ただ、決定的な焦りだけが海原の脳みそを掻き回していた。
何が起きた、何があった?
口の中にジャリジャリしたものが混じる、視界には白い靄が煙幕のように広がりロクに見える状況ではない。
脚、動く、有る。
腕、動く、有る。
四肢へのダメージはない。ぼわりと疼くような痛みが身体の前面に残る。地面から飛び退いた時に強く身体を打った為だろう。

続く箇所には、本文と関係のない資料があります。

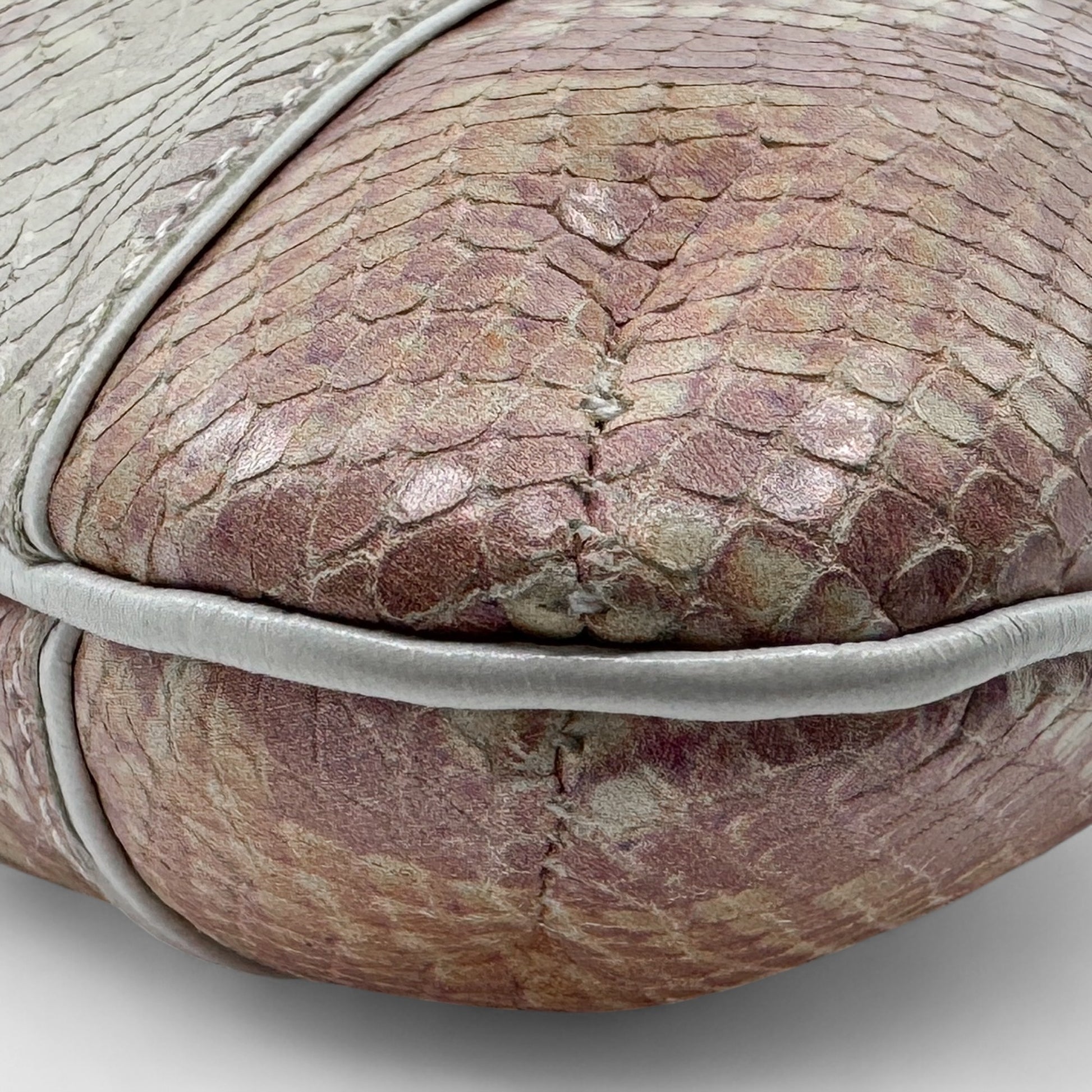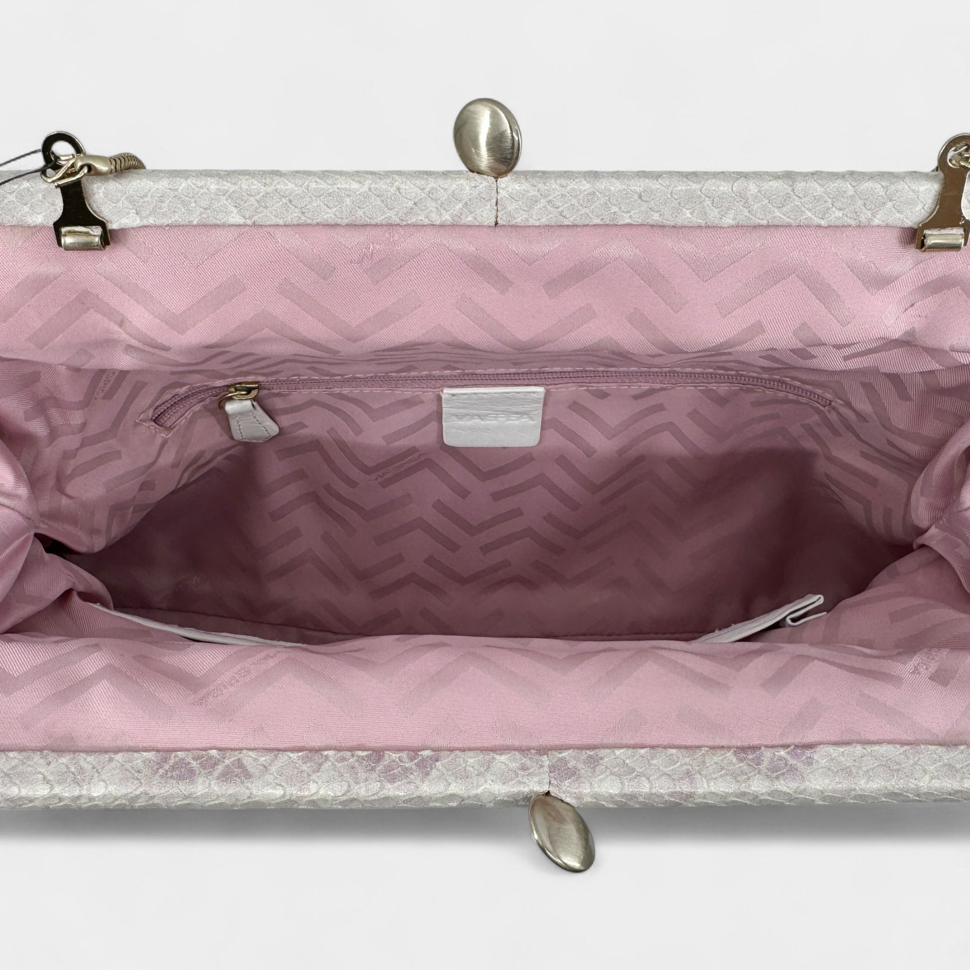 Details: In shades of soft pink and off white, this classic snake embossed leather clutch can be worn two ways. Worn folded as a clutch or over the shoulder with the included chain. Comes with dust bag. Made in Italy.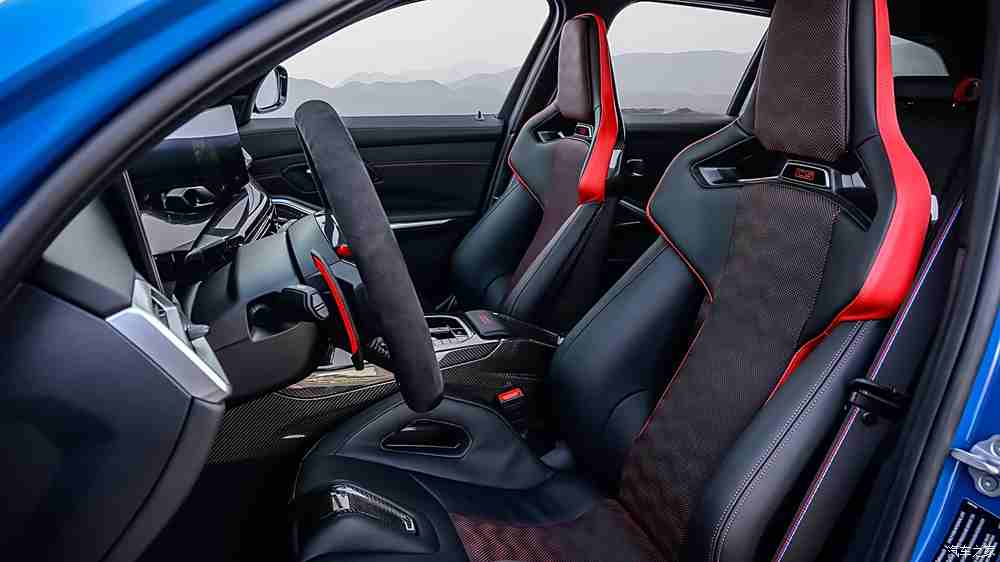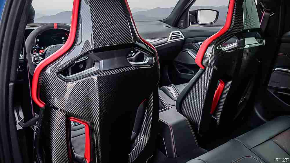内饰方面,新车减重的15kg主要也得益于采用碳纤维外壳的桶形座椅,这在普通版M3 Touring上是选装配置,但在CS 版上是标配。

海原は身体に思い切り力を入れる。立て、立て、立て。立たなければ死ぬ。
「ぐ、クソ、何が……」
息を吐き、ひねり出すようにつぶやきながらよろめきつつも海原が立つ。
顎が痛え、地面に打ったか。
海原は痛む場所を手のひらで撫でる。ピリっとした痛み、擦り傷と打撲を併発している。
深い霧の中にいるようだ、埃や石材のチリが空中に揺蕩う。
「鮫島!、ごほっ! 無事……か?!」
大きく息を吸い込むと塵が肺にまじる。咳き込みながら友の名を呼ぶ。
何かが俺たちの居た場所に堕ちてきたんだ。一体何が……
「ウミハラァァ!! 近くにイルゾオ!!」
低い声に奇妙な波長が混じる。鮫島の声だ。姿見えずとも近くにいる。その事に安堵した次の瞬間、
近くにいる? 何が?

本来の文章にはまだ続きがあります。